Final answer:
The nth term of the given arithmetic sequence is found using the formula 'an = a1 + (n - 1)d'. In this case, the nth term formula is 'an = 34n - 22' where n is the term number in the sequence.
Step-by-step explanation:
To determine the nth term of the given sequence 12, 46, 80, 114, 148, we first identify the pattern of the sequence. Each term increases by a constant difference, known as the common difference in an arithmetic sequence. In this case, the difference between consecutive terms is 34 (46 - 12 = 34, 80 - 46 = 34, etc.). The nth term in an arithmetic sequence is given by the formula 'an = a1 + (n - 1)d', where an is the nth term, a1 is the first term, n is the term number, and d is the common difference.
The first term a1 is 12, and the common difference d is 34. Plugging these into the formula, we get 'an = 12 + (n - 1) × 34'. Simplifying the equation, the nth term formula for this sequence is 'an = 34n - 22'.
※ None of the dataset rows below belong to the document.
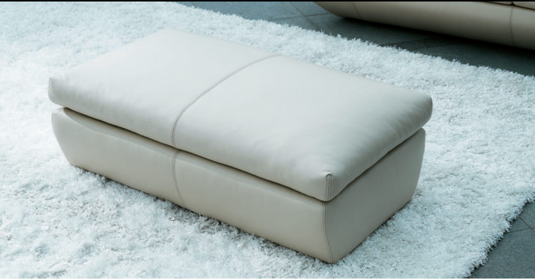
Optional stool (no. ST2) resembles the clean design of the sofa seat frame front.
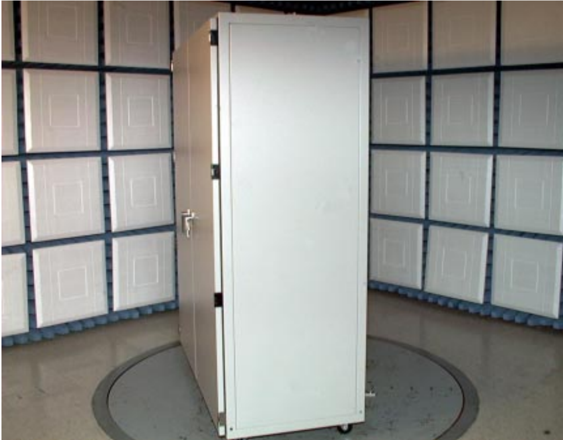
Figure 4.1 Front Corner View of the FWAN WCS Base Station

The front view of the FWAN WCS Base Station shows internal access via double doors. The double cabinet may be separated for various installation considerations. There are independent casters for additional mobility.
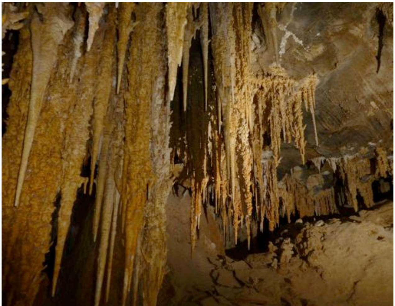
Some Pretty Things in Clara St Dora, Cave.
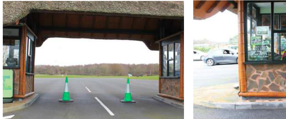
View of entrance kiosks from vehicle
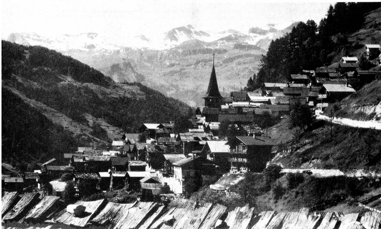
Weather-beaten houses surround the church at Ayer

But change has come as roads have been opened and good communication established with such centres as Sierre. This is the town where one is told they cease to speak French and begin to speak German.
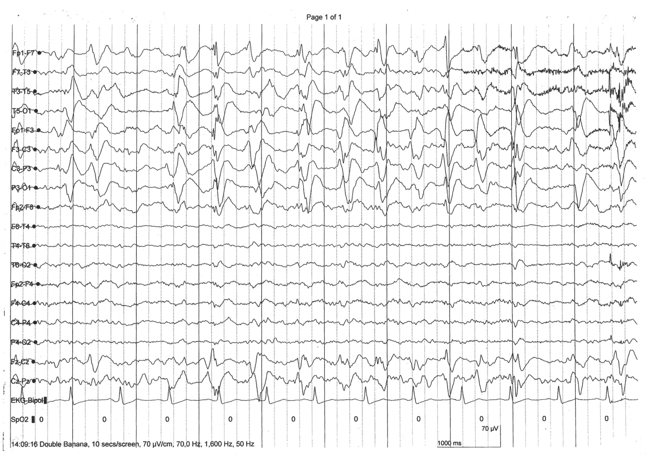
Figure 2— Periodic lateralized epileptiform discharges seen in the left hemisphere and the central areas during the administration of the midazolam infusion.

the lowered seizure threshold, hyperglycaemia likely provoked NCSE on the fifth day, without any obvious electrolyte abnormalities. Furthermore, the patient was taking ciprofloxacin, which is known to lower the seizure threshold.
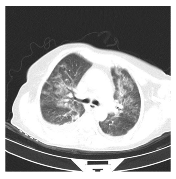
Fig. 6. Thorax computed tomography showing pneumonia.

results of both two abscess and sputum revealed acinetobacteria and enterococus. According to those culture results and suggestions of infectious diseases specialist, she had been under therapy with sulbactam-sulpherazon (2 \times 1 go), amikacin (2 \times 500 mg) and vancomycin (4 × 500 mg). After the infectious clinic had been recovered, on the 19th of August blood drained from the drainage tube located in cyst cavity in left hepatic lobe and she had melaena for two times. Besides, she did not need any blood transfusion and two days later her stool was normal. Dynamic liver computerized tomography revealed no reason such as vessel abnormality or aneurysm that can explain the hemorrhage. We prepared for arterial embolization; however, there was no need for this intervention. After the drainage tubes had been removed, the patient was monitored for one week and the antibiotheraphy continued. After one week monitorization she had no problem and was fully healthy. She was discharged from the hospital on the 31st of August. Two weeks later on the 16th of September, at the first control visit, she was healthy. At plain chest x-ray athelectasia at right lower zone and radiological recover at left lung was detected (Fig. 7). At abdominal ultrasonography the hydatic cyst in the right lobe of liver was smaller.
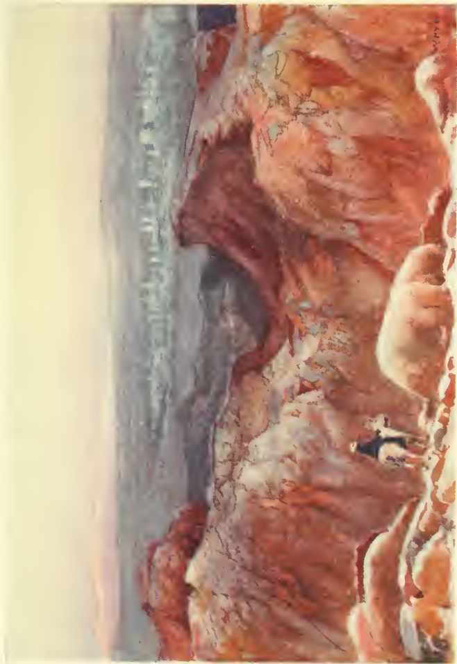
UPON A BLUE FIELD LAY VALLADOLID.
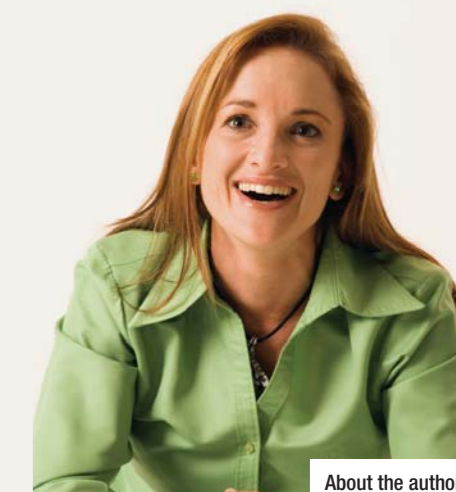
About the author

When you are stressed, it's probably a good idea to stay away from alcohol altogether. Dilute wine with soda water, have light beers and always have water or sugar-free cool drinks in between alcoholic drinks. Rest assured that you can wrap up 2009 in style, without compromising your health for wealth. Wishing you high energy, good health and successfully rewarding events! Looking forward to energising you again in 2010. 35
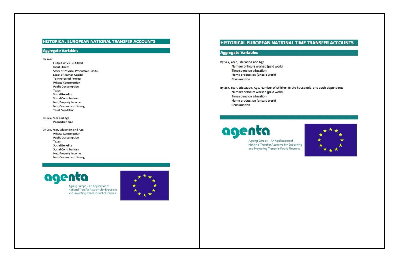
Figure 1: Front page of Variable list NTA (left-hand side) and NTTA (right-hand side)
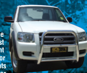
RANGER PJ Mirror Polished Finish

This very stylish 63mm Series 2 Nudge Bar is great for those around town nudges and bumps which can be costly to the bumper and also the cooling equipment just inside. A large opening and a spotlight mounting tabs make an ideal location for extra lighting. Utilising solid steel mounts and available in Mirror Polished or Powdercoated Alloy, this protection system is very functional while being stylish and attractive.
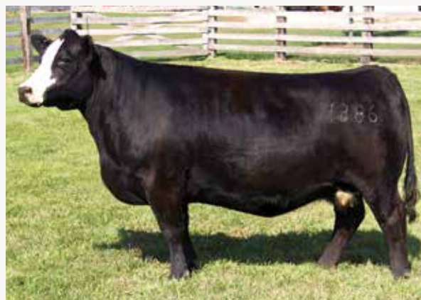
Sandeen Donna 7386 - reference dam

High Regard is an ET, solid black bull out of Loaded Up and Donna. Donna is the dam of Upper Class. Outstanding genetics!
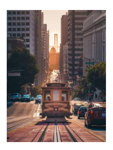
San Francisco 156 2nd Street, San Francisco, CA 94105
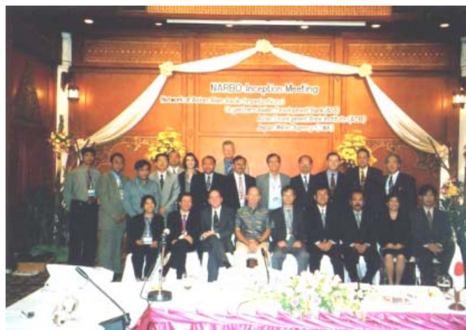
Inception Meeting in Chiang Mai

An Inception meeting was held in Chiang Mai, Thailand on November 20, 2003 to lay the groundwork for the establishment of NARBO, which will be officially announced at its first General Meeting scheduled on February 24-26, 2004 in Batu, Indonesia.
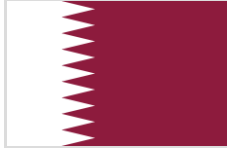
Qatar Fund for Development

(Foreign, Commonwealth & Development Office, Former DFID)
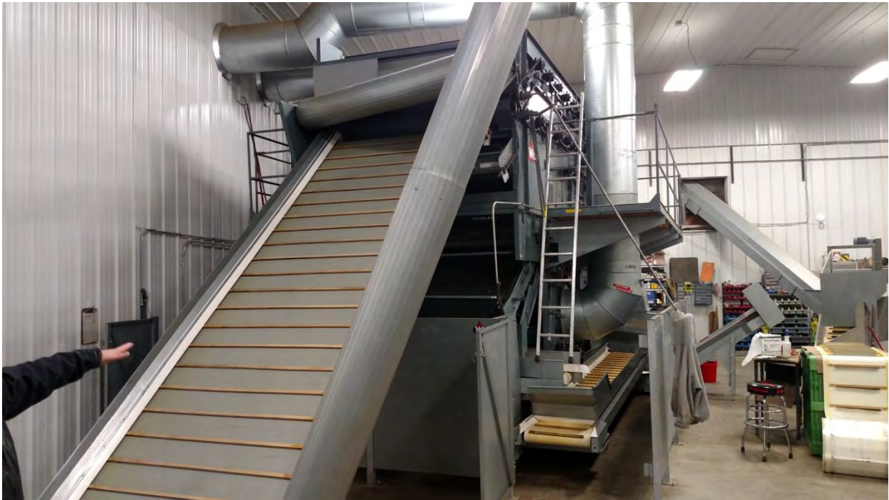
Hop Intake for Harvester
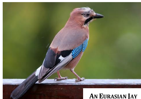
AN EURASIAN JAY

Jays are difficult to see as they are shy woodland birds that rarely move far from cover. However you might tempt them to your garden table with fat balls or peanuts. Watch out for a handsome bird, with its distinctive flash of white on the rump, flying between the trees; it will signal its presence with a screaming call. He is about 35 cms in length. I love his blue wing patches and his black moustache. Like squirrels these clever members of the crow family bury acorns in autumn and then retrieve them to eat later in the winter. Some Jays remain year-round in England but there are also winter visitors from colder countries.
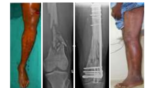
Grade IIIB Open comminuted fracture of distal femur with 13cm bone loss treated by single stage reconstruction with fibular strut graft and autografts.
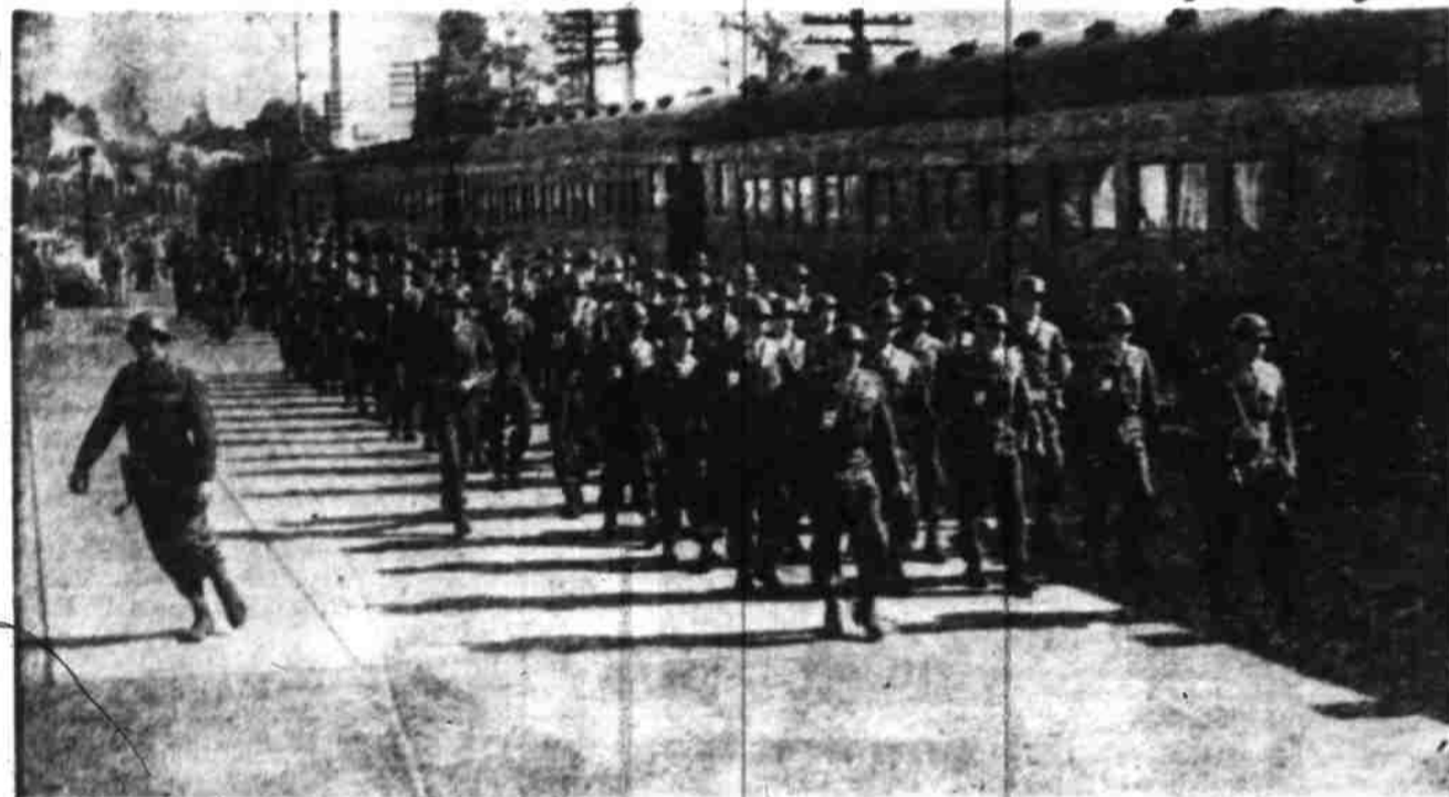
Today will see members of the Oregon national guard starting their yearly two-weeks training period at Ft. Lewis, Wash. Above, Salem's two guard companies are shown marching to their cars at the Southern Pacific depot early Saturday morning.

The given sequence is 12, 46, 80, 114, 148. To determine its nth term, we need to find the pattern or rule that governs the sequence. By observing the sequence, we can see that each term is obtained by adding 34 to the previous term. Using this information, we can write the expression for the nth term as:
Tn = Tn-1 + 34
where Tn represents the nth term, and Tn-1 represents the (n-1)th term.
Therefore, the nth term of the given sequence is Tn = T1 + 34(n-1), where T1 is the first term, which is 12 in this case.